谢安澜微微点头,含笑道:“这是肃州知州陆大人。”
那年青人也拱手见礼,其实以他的品级原本是不必对陆离见礼的。但是他却很明白,陆离虽然只是一个小小的知州,但是会出现在这里就绝不简单。更何况,景宁侯可就是去找陆离的时候失踪的。之后景宁侯带去的兵马也一个都没有回来,若不是死了八成就是被睿王府秘密收编了。如此人物,就算不是睿王殿下的心腹,也绝对是重要的人。
果然,等到落座的时候他便看到谢安澜和陆离坐在上首,反倒是莫七坐在了下面。莫七竟然也没有不满的意思,仿佛原本就应当如此一般。
谢安澜笑道:“将军前来,可见孙将军已经事成了?”
青年点头道:“托了无衣公子的福,一切顺利。”
谢安澜点头道:“那就好,那么不知道今天将军前来是所为何事?”
青年道:“末将奉将军之命前来告辞公子一声,我军明日便拔营返回边关驻地,从此以后只对外,不对内。其余事务,还有什么公子也可提出,也好趁着如今,一并办了。”

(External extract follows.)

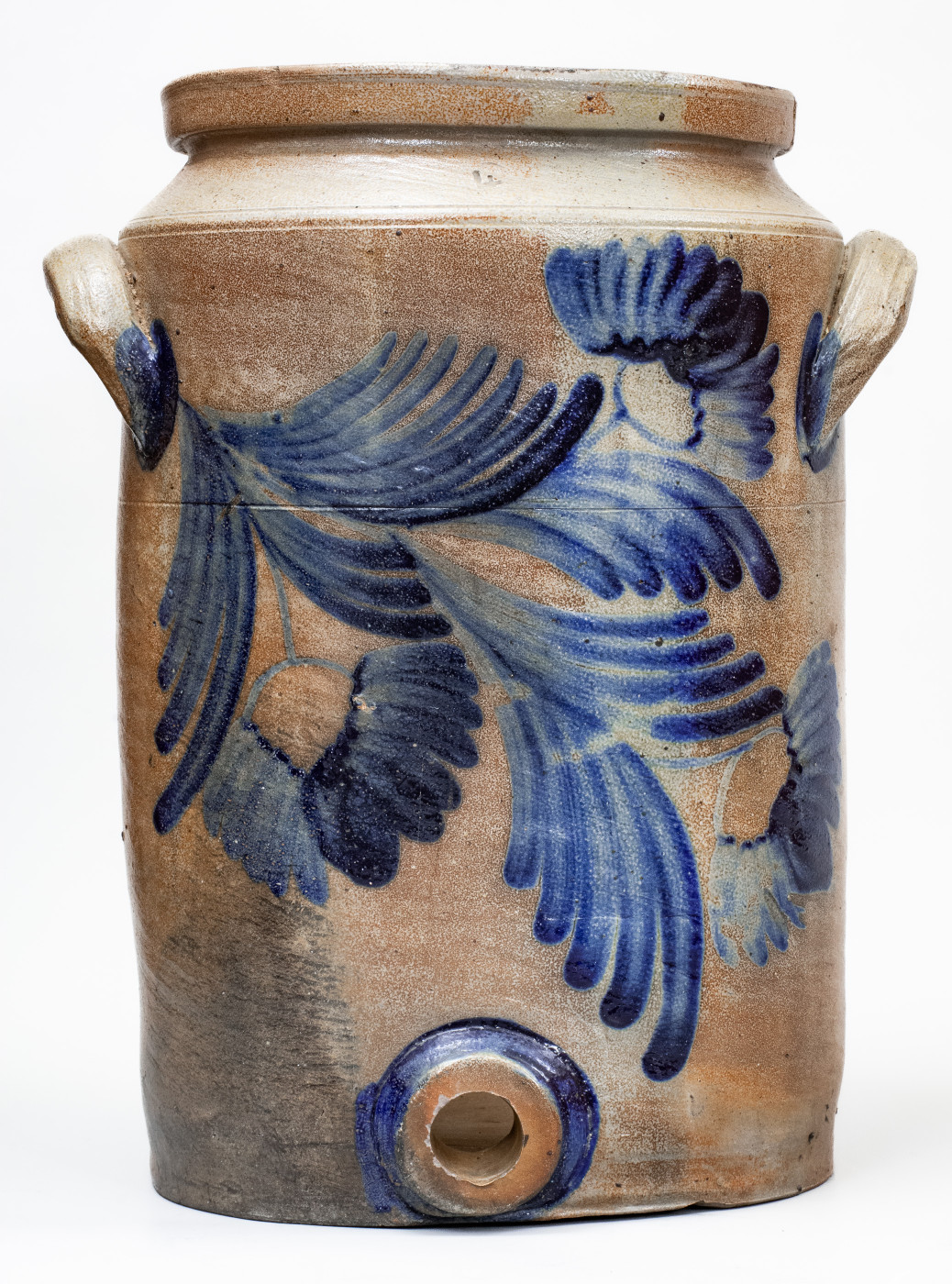 This cooler's extraordinary form and stunning decoration define it as the finest surviving example of Beaver, Pennsylvania stoneware and a masterwork by one of Western Pennsylvania's most famous and skilled potters. Provenance: A fresh-to-the-market example, which recently surfaced in the Midwestern U.S. H 19 7/8".

谢安澜撑着下巴笑道:“孙将军果然是个干脆人。将军尽管放心,只要孙将军不违背诺言,西北军绝对会信守承诺的。师父想来不日也将会到达此地,届时再去拜访孙将军吧。”
青年道了一声不敢,又道:“另外,孙将军命末将为公子送来一个人。”
谢安澜挑眉,就看到了那青年抬手拍了两下,两个镇边军的士兵从外面走了进来,手中还拎着一个满身血迹的人。
谢安澜定睛一看,不是洛少麟是谁?
谢安澜略有些感叹,之前还想着怎么弄死洛少麟呢,如今这人就被直接送到自己手中了。谢安澜神色平淡,“将军这是何意?”青年道:“孙将军并不愿对昔日同僚下手。又想起公子说与此人有些私仇,便让在下一并带来了。”
谢安澜饶有兴致地道:“孙将军如此做,就不怕得罪鲁国公府么?”
青年苦笑道:“无论如何做,总是要得罪一些人的。”得罪鲁国公府还是得罪睿王府?惹怒千里之外的皇帝陛下还是近在咫尺的西北军?这确实是一个问题。
谢安澜点头,笑道:“替本公子谢过孙将军,孙将军为东陵镇守边关,居功至伟。镇边军若有什么难处,谢某必不推辞。”
青年再次谢过,虽然只是谢无衣的承诺仿佛没什么分量。但是谢无衣毕竟是睿王唯一的亲传弟子,若是将来真的有什么难处,只要不是十分为难睿王府想必不会不认的。
“在下告辞。”
“慢走。”
送走了那青年人,谢安澜方才饶有兴致地看着地方的洛少麟,吩咐道:“去请叶先生和裴公子过来了。”
帐外的侍卫应声而去。
虽然陆离答应了叶盛阳等人的事情时间还长,但是这能够早一些完成也是好事不是么?
居高临下地看着洛少麟,谢安澜道:“洛将军,我们又见面了?”
洛少麟猛然抬起头来看向谢安澜,眼底闪过一丝迷茫,咬牙道:“洛某什么地方得罪了谢公子?”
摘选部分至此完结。